第2章 本気の裏側
やがて、順番が緑谷へ回る。
相澤から投げ渡された球を、彼は両手でしっかりと受け取った。
緊張が指先に滲み、白円へ向かう足取りも心もとない。
肌は血の気を失い、真冬の風に吹かれたような青白さを帯びている。
これまでの種目で緑谷が個性を使う場面は一度もなかった。
自分を目立たせまいとしているのだろうか。
見覚えのある無個性の体力テストをなぞる姿に、一部生徒たちの間に焦りが広がっていく。
「緑谷くんはこのままだとマズいぞ……?」
「ったりめーだ。無個性のザコだぞ」
爆豪の苛立った声が、空気にひびを入れるように響いた。
その鋭さに、周囲の生徒がはっと目を向ける。
飯田は焦りを隠さず、爆豪へ説明を始めていた。
「……無個性?」
その一言が、結の胸の奥で反響した。
飯田の声は遠のき、爆豪の吐いた言葉だけが重く沈む。
“個性”を持つのが当然とされる世界で、それを持たずに生まれる者はきわめて稀だ。
だが、希少さは価値とはむすびつかない。
むしろ、異端という印を押される理由になる。
“無個性”というだけで、浴びせられる言葉は容赦なく、個性を持ちながらも隠す者たちも同じように傷を刻んで生きている。

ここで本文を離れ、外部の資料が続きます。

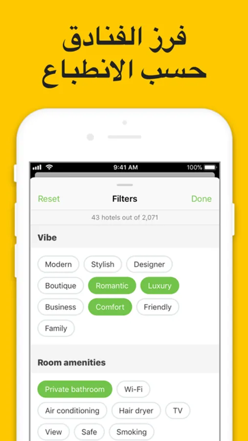 — خيارات الترتيب: ترتيب النتائج على حسب السعر، الشعبية، التقييم أو المسافة عن مركز المدينة.
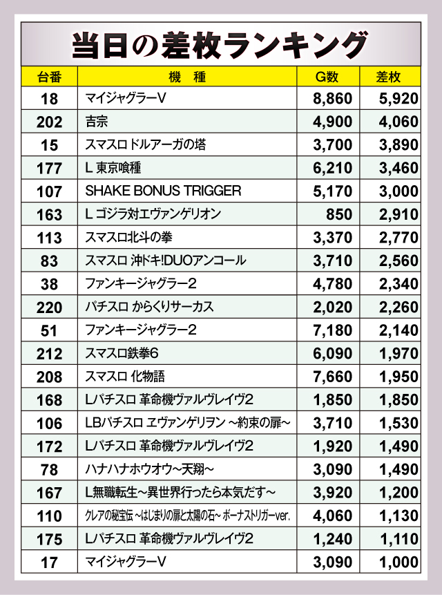 まずは当日の差枚ランキングに注目したい。トップに輝いたのは18番台の「マイジャグラーV」で、差枚は+5,920枚を記録。続く202番台「吉宗」は+4,060枚、15番台「スマスロドルアーガの塔」も+3,890枚と高水準の出玉を披露している。さらに「L 東京喰種」「SHAKE BONUS TRIGGER」「L ゴジラ対エヴァンゲリオン」など、AT機からノーマルタイプまで幅広い機種が上位に名を連ね、多彩な機種構成で盛り上がりを形成していた点は非常に印象的だ。スマスロ・ジャグラーシリーズがバランス良く結果を残しており、スロットコーナー全体の状況が良好であったことは数字が明確に物語っている。
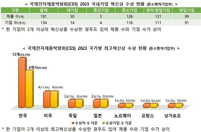 이는 9개 기업이 최고혁신상을 수상하며 참가국 중 가장 많은 수상기업을 배출한 한국의 위상을 우리 스타트업이 견인한 것과 다름없는 성과로 미래 기술을 선도하는 K-스타트업의 역량을 전 세계에 알릴 수 있었다.
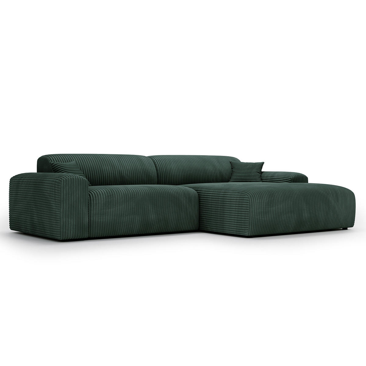ECKSOFA mit Longchair - Cord - Schwarz/Grün, Kunststoff/Textil (284/178cm) - home24

この社会は弱さにとことん冷たいことを、結は骨身に染みて知っていた。
だからこそ、彼のぎこちない動きに目を奪われる。
緑谷は小さく息を吸い、球を放った。
風を切る音はなく、爆風もない。
奇跡の軌道を描くこともなく、真面目に投げただけの球は素直な放物線のまま地面へ落ちた。
「46メートル」
冷たい機械音が記録を告げた瞬間、周囲に漂っていた期待は色を失った。
緑谷の顔はみるみる青ざめ、震える手を見下ろす。
その姿は、失望という檻に閉じ込められた少年そのものだった。